Try it: Write the data out again exactly, dropping any images it holds.

Data segment:
>>

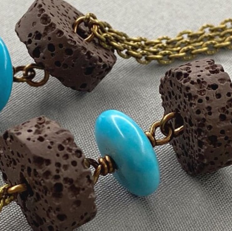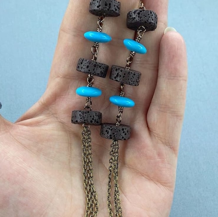 Long Lava Rock Stone & Blue Magnesite Bronze Boho Tassel Earrings
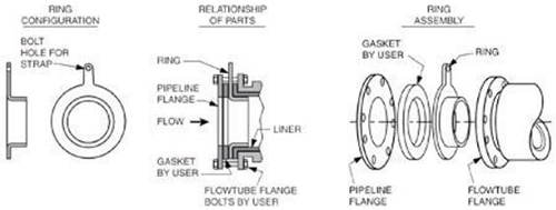 對(duì)于接地環(huán)應(yīng)用,如果使用傳統(tǒng)的孔板式或C型接地環(huán),則必須使用接地帶將接地環(huán)連接到流量管的主體/外殼。這些帶子連接到流量管的法蘭上,或接地線連接到位于其遠(yuǎn)程接線盒或頂部安裝的變送器接口板上的接線片上。E型接地環(huán)使用客戶提供的螺栓,而不是接地線或接地帶。
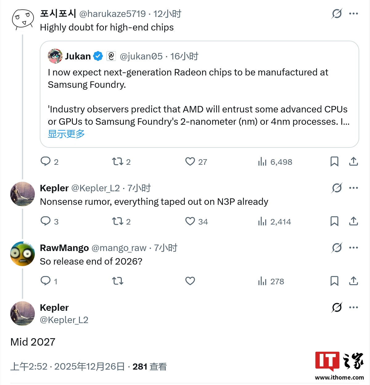 消息人士 @Kepler_L2 在参与 X 平台上有关 AMD 与三星潜在合作可能的讨论时表示,AMD 的下一代 Radeon GPU 芯片已在台积电 N3P 工艺制程节点完成流片,预计在 2027 年中(注:应即当年的 COMPUTEX 台北国际电脑展上)发布。

<<

Result of the exercise:
 Long Lava Rock Stone & Blue Magnesite Bronze Boho Tassel Earrings
 對(duì)于接地環(huán)應(yīng)用,如果使用傳統(tǒng)的孔板式或C型接地環(huán),則必須使用接地帶將接地環(huán)連接到流量管的主體/外殼。這些帶子連接到流量管的法蘭上,或接地線連接到位于其遠(yuǎn)程接線盒或頂部安裝的變送器接口板上的接線片上。E型接地環(huán)使用客戶提供的螺栓,而不是接地線或接地帶。
 消息人士 @Kepler_L2 在参与 X 平台上有关 AMD 与三星潜在合作可能的讨论时表示,AMD 的下一代 Radeon GPU 芯片已在台积电 N3P 工艺制程节点完成流片,预计在 2027 年中(注:应即当年的 COMPUTEX 台北国际电脑展上)发布。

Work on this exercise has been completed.